Ambulance services in northeast England are installing closed circuit television (CCTV) cameras in their vehicles because of an increase in attacks on paramedics by patients who are being treated.
Alun Ross, a paramedic who was punched in the face by a drunk and drug-fuelled patient, welcomed the North East Ambulance Service’s decision to install security cameras in vehicles. "I would like to think the cameras would act as a deterrent, and installing the equipment can only be a good thing,” he said.
Emergency crews now see abuse as part of their job, said Ross, who, in addition to being punched in the face, has been bombarded with verbal abuse on a frequent basis.
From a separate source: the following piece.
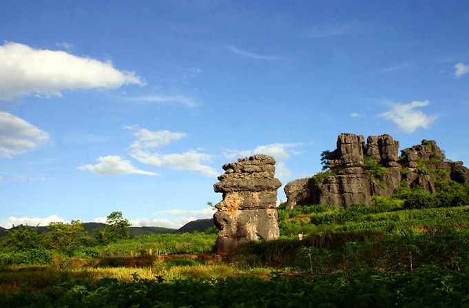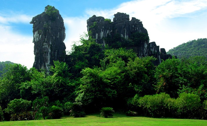 駱駝山位于桂林七星公園內(nèi)。駱駝山即駝峰,在普陀山南麓,是地殼運(yùn)動(dòng)融蝕后的一塊殘石,原名酒壺山。廣西駱駝山在廣西桂林七星公園內(nèi),為桂林市名山之一,原名酒壺山。因其狀態(tài)酷似駱駝,遂名之。但它又酷似一把古式酒壺,因此又名壺山。有壺身、壺嘴,壺嘴下有塊石頭,恰似酒杯。壺嘴(山南)上刻有“壺山”二字,旁鐫“雷酒人之墓”。雷酒人原名雷鳴春,號(hào)亮工,明末江南儒士。他俠義助人,醫(yī)道甚高,善詩(shī)文,嗜酒,每飲必醉,人稱“雷酒人”。他結(jié)廬山下,遍栽桃李,每當(dāng)春暖花開,如一片菲紅的彩霞,故有“壺山赤霞”之譽(yù),為桂林續(xù)八景之一。每當(dāng)晨昏,霞光映耀山石,色澤斑斕,頗為壯觀。明清以來,山下遍植桃樹,若逢春至,桃花爛漫,江霞紫霧,分外妖嬈。

The security cameras “will certainly make me feel a lot more safer at work, and it will hopefully help take cases to court," he added.
Brian Dodds, a County Durham paramedic who was attacked by a patient he was delivering to an emergency room, joins Ross in praising the decision. Dodds said the patient’s attack was violent enough that had to use self-defense to protect himself. Since that incident, “every time I go into a patient’s house I always look to see where there is an emergency exit in case a problem arises and I need to get out,” he added.
Under the plan, all new ambulance vehicles will be fitted with the surveillance equipment, which records 24 hours a day seven days a week. Only two ambulance service staffers will have access to the video footage, which will be used to provide proof in any subsequent court cases, ambulance officials say.
However, there has been some concern among the paramedics that the cameras will be used to observe staff, a concern Dodds dismisses. “They (the cameras) are not being put in place to spy on members of staff, but to protect them against violence,” he said.